In fact, true IDP solutions are full platforms rather than just products. Their strength is in not solving one problem really well but rather handling all aspects of document data extraction. You can design a specific solution and workflow based on this platform that best suits your business. A comprehensive IDP solution needs some level of configuration along with out-of-the-box capabilities.
Q: What is the process for retraining? Are corrections captured and added to the ML learning cycle?
A: Machine learning systems are in some ways like Chinese bamboo trees. Just like with these trees you need to invest time upfront training a system on your specific documents. It tries to learn variations, understand layouts, and build a foundational capability to support the prediction wave that is about to come. But once it takes off, it gives you amazing accuracy.
Here is reference data from an actual live implementation of Infrrd’s IDP platform for a document that had thousands of variations. It was near impossible to create and manage templates for this type of document that did not follow a fixed format, and data was never in a fixed position on the document.
This is how the accuracy improved with each iteration of training:
By the time the customer started using the final version of the model, it had a very high accuracy rate.
While other traditional systems provided a 65% accuracy rate against the initial accuracy of 63% of this model, in a few weeks, it outperformed every other accuracy benchmark that the customer had experienced. It feeds off of the corrections made by the data processing teams as well as the new document layouts and variations that it had not processed before. When the system processes a document and even when the results are not corrected, it learns that it has performed the right extraction. This increase in accuracy is made possible by continuous relearning using our feedback loop.
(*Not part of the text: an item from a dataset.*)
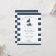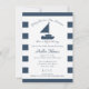 Set sail on a new adventure to welcome baby with our navy blue sail boat and nautical stripes elegant and classic baby shower invitation for mommy and daddy to be. Personalize as preferred.

Q: What is the average number of documents/training time/training set data required for a model to be effective? What is Infrrd’s process?
A: The answer to this question largely depends on the type of documents. For some documents, one month of data is enough to learn to get things started. For more complex documents, it may take 3 months of data. Infrrd’s approach is to get the customer started with what they have. How many documents you have isn’t a critical issue. The important thing is that every day or every week as you process documents, you see your accuracy numbers climbing.
You can start with zero documents on day one if you want. Though this will mean you will also start with zero % accuracy. This is not such a bad thing for customers who process all of their data manually. But they will see the manual effort going down every week and see the accuracy climbing.
Q: What can IDP models process out of the box and what configuration is possible? Can IDP models only process PDF documents? Can these models process data in an email message combined with information in a document? What about things like logos, symbols, and signatures?
A: Different types of IDP solutions can process different kinds of data. Infrrd’s IDP platform excels at processing semi and unstructured data. We handle most of the semi-structured data out of the box. Because of the broad nature of unstructured data, your specific implementation may need some customization on top of our platform.
Capabilities to handle visual data like tables, logos, signatures, and symbols are built into our platform. The unique value proposition of our platform is its ability to learn from each and every customer’s data. Our visual recognition engine can predict logos for one customer and predict shipping handling symbols for another.